1050 words - 4 pages

Nathaniel Hawthorne is a man of a long American history. He was born in Salem, Massachusetts to the Hathorne family, who date back to the original Puritans of America. In fact, Hawthorne added the 'W' to his last name to differentiate himself from John Hathorne, a prominent judge in the Salem Witch Trials. Hawthorne is a well known American Gothic author of the Romantic period; some of his commonly known works are: “The Scarlet Letter,” “The House of Seven Gables,” and “Young Goodman Brown”(Meltzer). The Romantic period was a period when the population at large focused on: the supernatural, an impulse to reform, the celebration of life, nature, and the idealization of woman(The Romantic Period) Hawthorne's short story “Young Goodman Brown” can be classified as a moral allegory, because it is a story that has two levels of meaning: literal and symbolic. The allegorical nature of “Young Goodman Brown” is evident throughout the story due to Hawthorne's use of imagery and symbolism to ultimately ridicule the true weakness in American religion. The important symbols of the story are: the different characters themselves, the setting of the story being in Salem, and Brown's journey through the forest.

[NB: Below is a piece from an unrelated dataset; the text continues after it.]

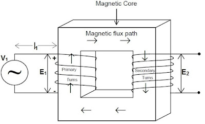 Because of this alternating mmf, an alternating flux is set up in the core of Transformer which links with the Primary as well as Secondary winding and as per Faraday’s Law of Electromagnetic Induction, an emf E1 & E2 are developed across the terminals of the Primary and Secondary winding.

The most prominent use of imagery and symbolism is in the way Hawthorne conveys his characters. Hawthorne begins his story with a religious allegory by introducing Young Goodman Brown's wife, who was “aptly named” Faith(Hawthorne 329). Hawthorne vividly describes Faith as having pink ribbons in her hair, and as a believer of God, to paint an image of innocence. In the beginning scene of the story, when Young Goodman Brown says goodbye to Faith, she parted ways with the final words of “then God bless you, and may you find all well, when you come back”(Hawthorne 330). As Brown leaves for his journey he realizes he is doing wrong by going on this journey, but he promises himself when he gets back, he is going to “cling to her skirts and follow her to heaven”(Hawthorne 330). It is apparent at this point in the story that Faith, is a physical and symbolic representation of Brown's faith. Young Goodman Brown himself, symbolizes young, good men, who are tempted by sin, and to some extent all give in. Brown believes that even though his trip into the forest is for evil purposes, it is justifiable because it will be an “excellent resolve for the future”(Hawthorne 330). Brown is an allegorical symbol because if Brown would have stayed with Faith in the beginning of the story, instead of giving into the temptation of the Devil's forest, Brown would still have his faith, and his innocence. The Devil himself serves as an allegorical symbol, because he tempts Brown to leave the safety of his home for the dangers of the forest. The reader of the story is able to inquire that the old man Brown is introduced to is the devil, due to his “great black, [lifelike] snake” staff(Hawthorne 331). When Brown and the Devil initially meet, the Devil notes that Brown is late, and...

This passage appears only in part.